(Data to use begins)

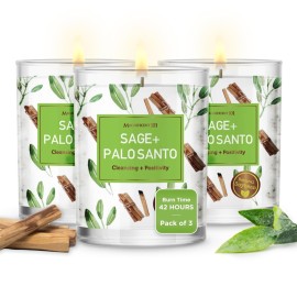 Magnificent 101 Set of 3 Long Lasting Palo Santo Smudge Candles - 42 Hour Burn, 3.5 Oz Each, Made with Soy Wax and Herb, Ideal for House Energy Cleansing, Meditation & Manifestation - Sage Candle
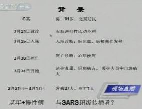專家根據(jù)一個非典病人病例進行分析指出,根據(jù)病人背景資料顯示,該病人是一位超級非典傳播者,該病人發(fā)病初期由于年齡過高并伴有其他病癥,故其非典病癥被忽略。由此也說明老年人如感染非典更容易成為病毒傳播者。
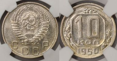 Лот 292 из 362. 10 копеек 1950 MS 63
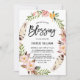 Convite para bênção de bebê inspirado em Boho, com penas de aquarela e flores coradas com cor rosa-de-costas. Elegante e caprichoso, perfeito para bençãos primavera. Personalize adicionando nomes, data, hora, local e outros detalhes do evento.
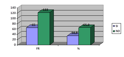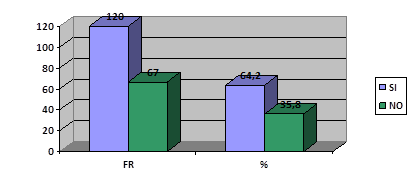 En la tabla y grafico 1, se indica que el 65,2% de los estudiantes investigado coincidieron en opinar que no poseían el habito tabáquico. Seguido de la afirmación del resto de ellos, representado por el 34,8% del total.

(Data to use ends)

- _Exercise objective_
Send back every line of the listing exactly. Omit the images.

- _Expected answer_
 Magnificent 101 Set of 3 Long Lasting Palo Santo Smudge Candles - 42 Hour Burn, 3.5 Oz Each, Made with Soy Wax and Herb, Ideal for House Energy Cleansing, Meditation & Manifestation - Sage Candle
專家根據(jù)一個非典病人病例進行分析指出,根據(jù)病人背景資料顯示,該病人是一位超級非典傳播者,該病人發(fā)病初期由于年齡過高并伴有其他病癥,故其非典病癥被忽略。由此也說明老年人如感染非典更容易成為病毒傳播者。
 Лот 292 из 362. 10 копеек 1950 MS 63
 Convite para bênção de bebê inspirado em Boho, com penas de aquarela e flores coradas com cor rosa-de-costas. Elegante e caprichoso, perfeito para bençãos primavera. Personalize adicionando nomes, data, hora, local e outros detalhes do evento.
 En la tabla y grafico 1, se indica que el 65,2% de los estudiantes investigado coincidieron en opinar que no poseían el habito tabáquico. Seguido de la afirmación del resto de ellos, representado por el 34,8% del total.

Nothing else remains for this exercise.